## Data provided
##############################
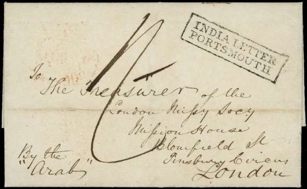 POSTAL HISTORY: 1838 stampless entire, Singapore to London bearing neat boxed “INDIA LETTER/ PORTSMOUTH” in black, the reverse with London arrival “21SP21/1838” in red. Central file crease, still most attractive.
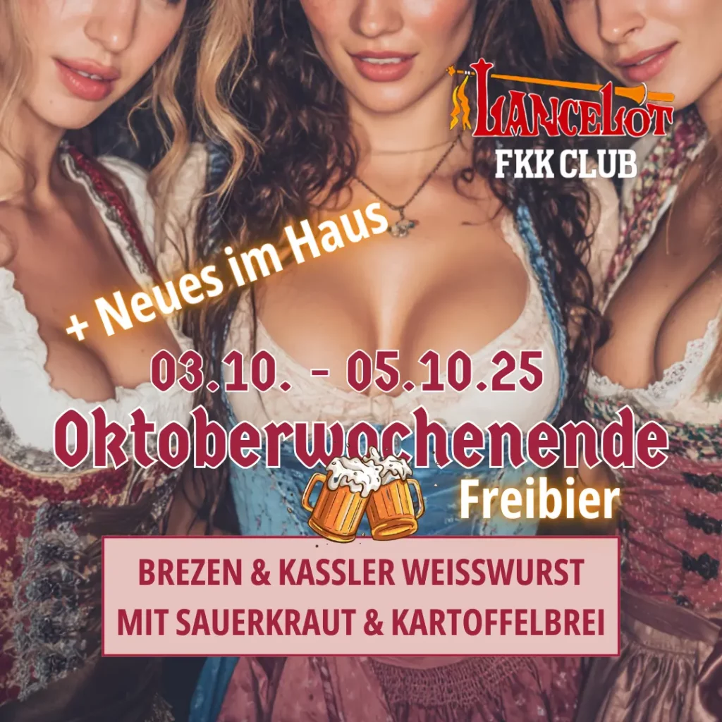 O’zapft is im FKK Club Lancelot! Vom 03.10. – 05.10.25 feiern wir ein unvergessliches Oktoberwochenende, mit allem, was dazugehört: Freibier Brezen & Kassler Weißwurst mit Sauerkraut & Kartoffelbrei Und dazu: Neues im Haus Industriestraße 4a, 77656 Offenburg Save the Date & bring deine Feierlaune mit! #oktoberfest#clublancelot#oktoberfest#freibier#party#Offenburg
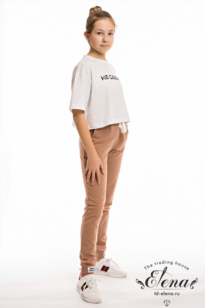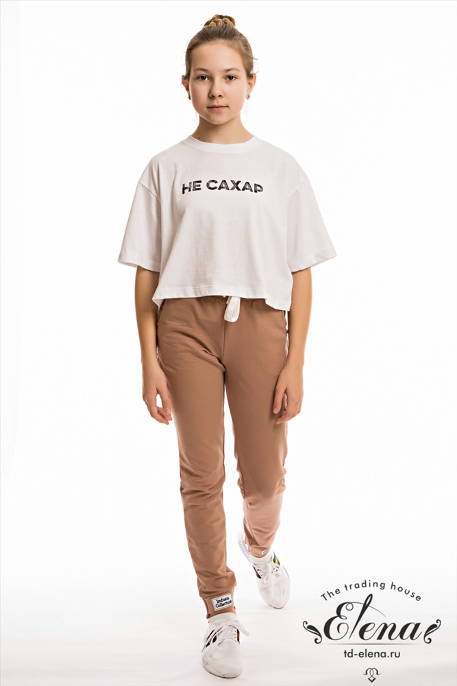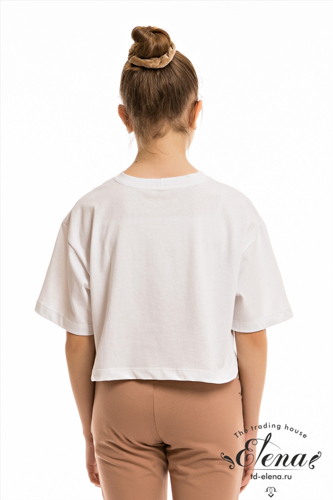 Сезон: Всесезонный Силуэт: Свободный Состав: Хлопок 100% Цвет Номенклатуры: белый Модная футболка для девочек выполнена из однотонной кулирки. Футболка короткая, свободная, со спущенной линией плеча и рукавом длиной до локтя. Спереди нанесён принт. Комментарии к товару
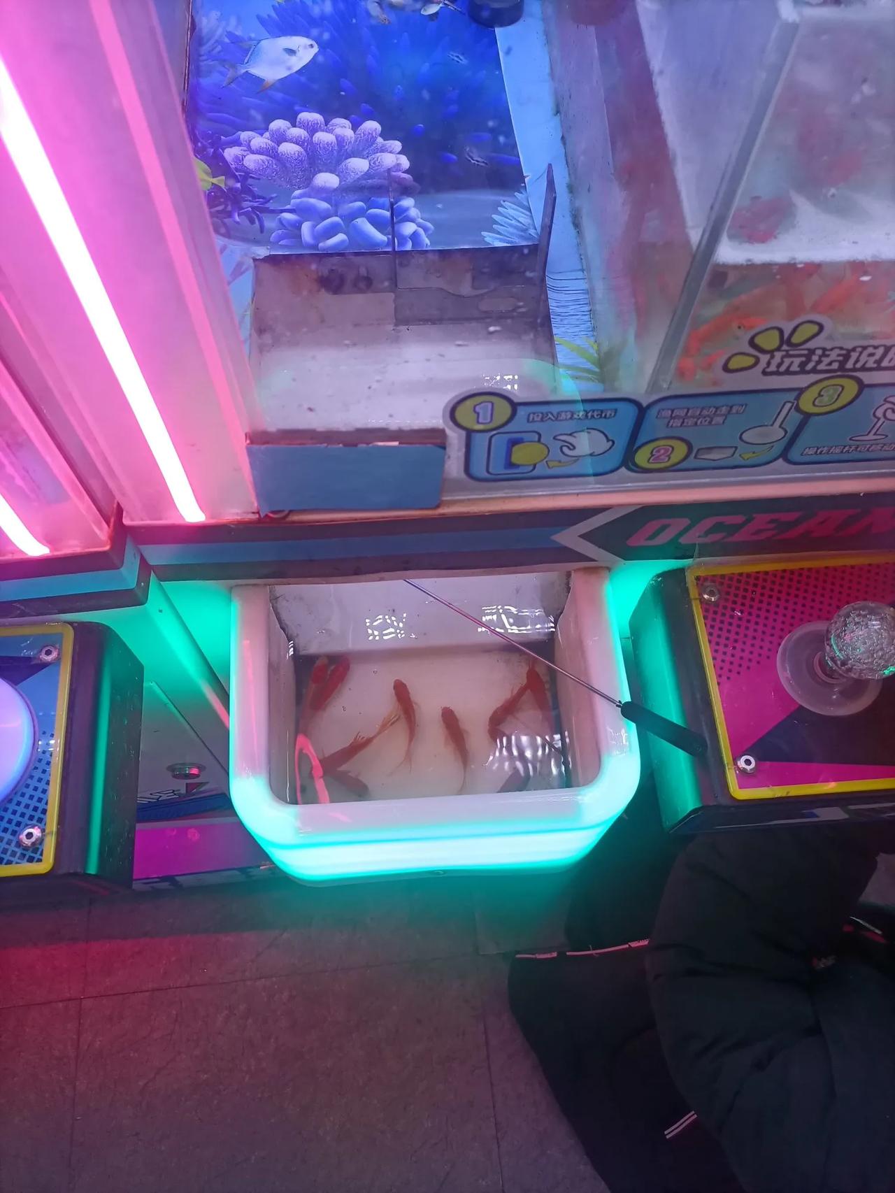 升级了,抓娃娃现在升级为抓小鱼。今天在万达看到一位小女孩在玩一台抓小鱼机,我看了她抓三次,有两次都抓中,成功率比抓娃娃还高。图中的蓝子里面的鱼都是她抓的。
##############################
## Task to complete
Please transcribe the listing above verbatim and exclude every picture.

## Result of the task
 POSTAL HISTORY: 1838 stampless entire, Singapore to London bearing neat boxed “INDIA LETTER/ PORTSMOUTH” in black, the reverse with London arrival “21SP21/1838” in red. Central file crease, still most attractive.
 O’zapft is im FKK Club Lancelot! Vom 03.10. – 05.10.25 feiern wir ein unvergessliches Oktoberwochenende, mit allem, was dazugehört: Freibier Brezen & Kassler Weißwurst mit Sauerkraut & Kartoffelbrei Und dazu: Neues im Haus Industriestraße 4a, 77656 Offenburg Save the Date & bring deine Feierlaune mit! #oktoberfest#clublancelot#oktoberfest#freibier#party#Offenburg
 Сезон: Всесезонный Силуэт: Свободный Состав: Хлопок 100% Цвет Номенклатуры: белый Модная футболка для девочек выполнена из однотонной кулирки. Футболка короткая, свободная, со спущенной линией плеча и рукавом длиной до локтя. Спереди нанесён принт. Комментарии к товару
 升级了,抓娃娃现在升级为抓小鱼。今天在万达看到一位小女孩在玩一台抓小鱼机,我看了她抓三次,有两次都抓中,成功率比抓娃娃还高。图中的蓝子里面的鱼都是她抓的。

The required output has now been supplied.